··· Task material
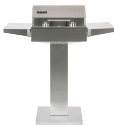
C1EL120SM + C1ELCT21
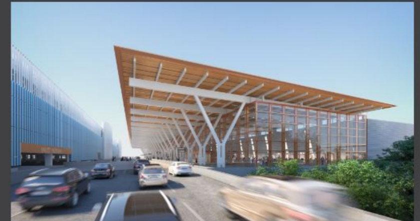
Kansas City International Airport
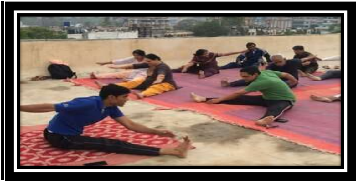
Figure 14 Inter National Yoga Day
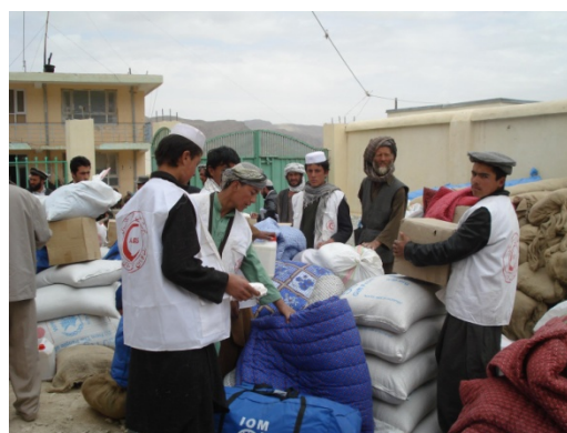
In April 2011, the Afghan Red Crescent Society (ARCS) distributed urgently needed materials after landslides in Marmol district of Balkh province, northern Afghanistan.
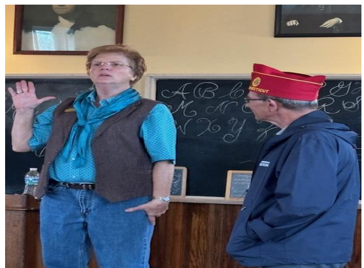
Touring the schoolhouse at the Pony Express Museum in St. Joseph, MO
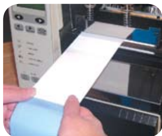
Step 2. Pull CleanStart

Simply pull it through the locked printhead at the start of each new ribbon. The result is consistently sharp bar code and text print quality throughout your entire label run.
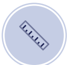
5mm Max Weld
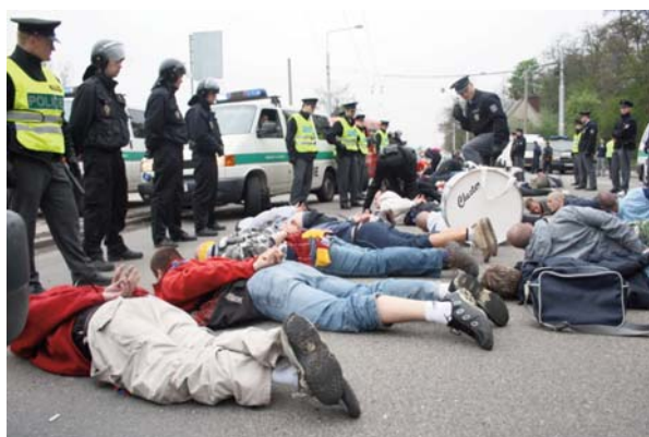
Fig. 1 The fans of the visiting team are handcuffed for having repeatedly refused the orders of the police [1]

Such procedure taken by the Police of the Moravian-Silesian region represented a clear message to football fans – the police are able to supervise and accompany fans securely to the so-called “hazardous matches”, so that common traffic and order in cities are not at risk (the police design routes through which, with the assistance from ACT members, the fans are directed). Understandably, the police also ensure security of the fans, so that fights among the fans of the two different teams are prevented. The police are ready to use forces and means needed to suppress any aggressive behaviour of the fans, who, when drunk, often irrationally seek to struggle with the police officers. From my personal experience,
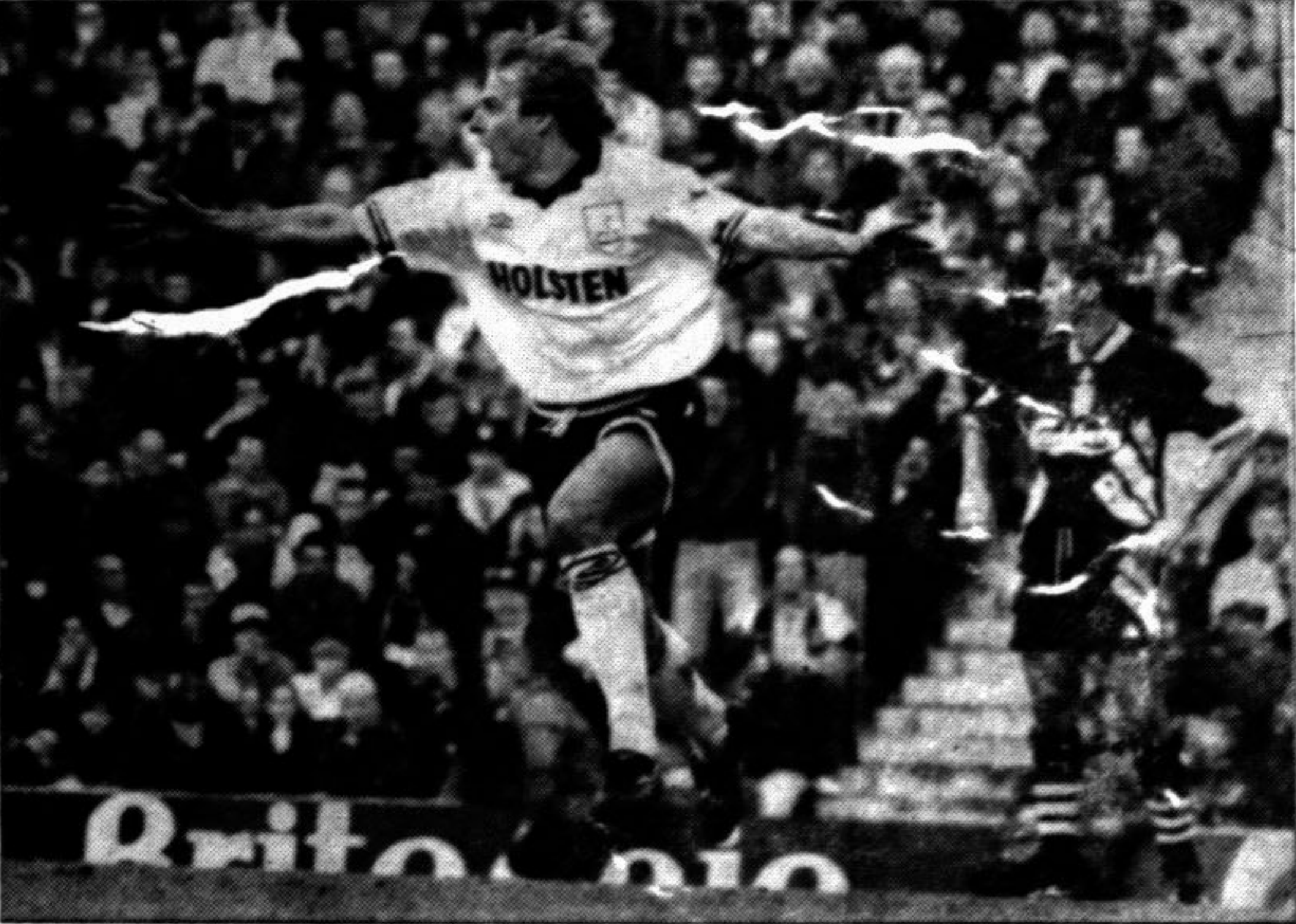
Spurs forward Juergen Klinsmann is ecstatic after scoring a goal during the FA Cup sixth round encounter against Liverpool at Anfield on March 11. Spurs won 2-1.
······
··· Task material
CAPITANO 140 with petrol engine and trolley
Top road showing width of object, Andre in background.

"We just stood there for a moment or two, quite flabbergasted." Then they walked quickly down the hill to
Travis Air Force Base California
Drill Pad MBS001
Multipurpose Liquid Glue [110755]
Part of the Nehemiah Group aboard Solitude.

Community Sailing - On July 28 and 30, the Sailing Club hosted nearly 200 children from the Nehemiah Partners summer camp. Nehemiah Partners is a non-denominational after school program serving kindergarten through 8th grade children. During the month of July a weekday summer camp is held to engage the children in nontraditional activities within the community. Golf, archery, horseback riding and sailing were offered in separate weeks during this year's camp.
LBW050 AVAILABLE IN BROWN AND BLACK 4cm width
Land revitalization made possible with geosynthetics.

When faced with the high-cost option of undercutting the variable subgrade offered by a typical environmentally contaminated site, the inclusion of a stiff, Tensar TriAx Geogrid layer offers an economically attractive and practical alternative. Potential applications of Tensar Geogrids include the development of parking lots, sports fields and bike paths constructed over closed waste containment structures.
······
··· Task material
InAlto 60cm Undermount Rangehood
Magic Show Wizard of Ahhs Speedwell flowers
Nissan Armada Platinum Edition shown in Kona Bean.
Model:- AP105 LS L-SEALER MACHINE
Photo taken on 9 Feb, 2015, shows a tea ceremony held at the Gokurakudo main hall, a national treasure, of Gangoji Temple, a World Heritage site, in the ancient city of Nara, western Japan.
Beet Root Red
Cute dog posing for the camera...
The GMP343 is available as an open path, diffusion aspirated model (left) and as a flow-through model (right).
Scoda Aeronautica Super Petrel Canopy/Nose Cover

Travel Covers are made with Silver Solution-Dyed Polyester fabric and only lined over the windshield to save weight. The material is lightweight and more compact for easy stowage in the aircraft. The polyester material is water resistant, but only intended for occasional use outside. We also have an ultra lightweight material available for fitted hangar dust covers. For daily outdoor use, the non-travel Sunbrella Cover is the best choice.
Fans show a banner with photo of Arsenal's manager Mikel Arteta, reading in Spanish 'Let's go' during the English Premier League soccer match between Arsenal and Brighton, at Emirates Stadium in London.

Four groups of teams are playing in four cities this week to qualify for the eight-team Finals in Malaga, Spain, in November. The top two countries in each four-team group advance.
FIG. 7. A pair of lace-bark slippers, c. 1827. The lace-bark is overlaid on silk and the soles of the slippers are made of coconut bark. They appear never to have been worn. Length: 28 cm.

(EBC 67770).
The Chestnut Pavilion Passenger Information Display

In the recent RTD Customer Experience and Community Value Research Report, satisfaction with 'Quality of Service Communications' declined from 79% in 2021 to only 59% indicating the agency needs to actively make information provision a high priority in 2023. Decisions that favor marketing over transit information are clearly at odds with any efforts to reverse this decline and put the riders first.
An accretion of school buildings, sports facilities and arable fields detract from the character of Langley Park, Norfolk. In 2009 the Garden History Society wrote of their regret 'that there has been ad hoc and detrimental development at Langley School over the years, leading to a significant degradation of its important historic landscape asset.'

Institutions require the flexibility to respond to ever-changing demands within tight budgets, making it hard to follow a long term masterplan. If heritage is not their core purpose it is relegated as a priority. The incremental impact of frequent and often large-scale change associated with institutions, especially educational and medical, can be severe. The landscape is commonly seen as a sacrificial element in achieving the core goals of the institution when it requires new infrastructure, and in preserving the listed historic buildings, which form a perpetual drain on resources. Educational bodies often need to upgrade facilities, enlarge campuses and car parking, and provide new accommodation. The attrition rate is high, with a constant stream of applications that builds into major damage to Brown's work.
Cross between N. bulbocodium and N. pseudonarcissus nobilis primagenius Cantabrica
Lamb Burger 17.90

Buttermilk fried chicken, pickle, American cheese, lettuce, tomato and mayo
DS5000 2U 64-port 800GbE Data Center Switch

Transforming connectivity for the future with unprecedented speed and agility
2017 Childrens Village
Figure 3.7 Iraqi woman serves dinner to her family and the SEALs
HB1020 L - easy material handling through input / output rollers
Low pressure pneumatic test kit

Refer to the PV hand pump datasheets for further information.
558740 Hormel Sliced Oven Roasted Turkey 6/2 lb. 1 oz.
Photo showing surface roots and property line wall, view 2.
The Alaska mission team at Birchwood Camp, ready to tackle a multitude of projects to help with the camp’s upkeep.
······
- Action item -
All pictures are to be skipped. Output, word for word, the lines in the data above starting at the line containing "Simply pull it" and ending at the line containing "Spurs forward Juergen".

- Written response -
Simply pull it through the locked printhead at the start of each new ribbon. The result is consistently sharp bar code and text print quality throughout your entire label run.
5mm Max Weld
Fig. 1 The fans of the visiting team are handcuffed for having repeatedly refused the orders of the police [1]

Such procedure taken by the Police of the Moravian-Silesian region represented a clear message to football fans – the police are able to supervise and accompany fans securely to the so-called “hazardous matches”, so that common traffic and order in cities are not at risk (the police design routes through which, with the assistance from ACT members, the fans are directed). Understandably, the police also ensure security of the fans, so that fights among the fans of the two different teams are prevented. The police are ready to use forces and means needed to suppress any aggressive behaviour of the fans, who, when drunk, often irrationally seek to struggle with the police officers. From my personal experience,
Spurs forward Juergen Klinsmann is ecstatic after scoring a goal during the FA Cup sixth round encounter against Liverpool at Anfield on March 11. Spurs won 2-1.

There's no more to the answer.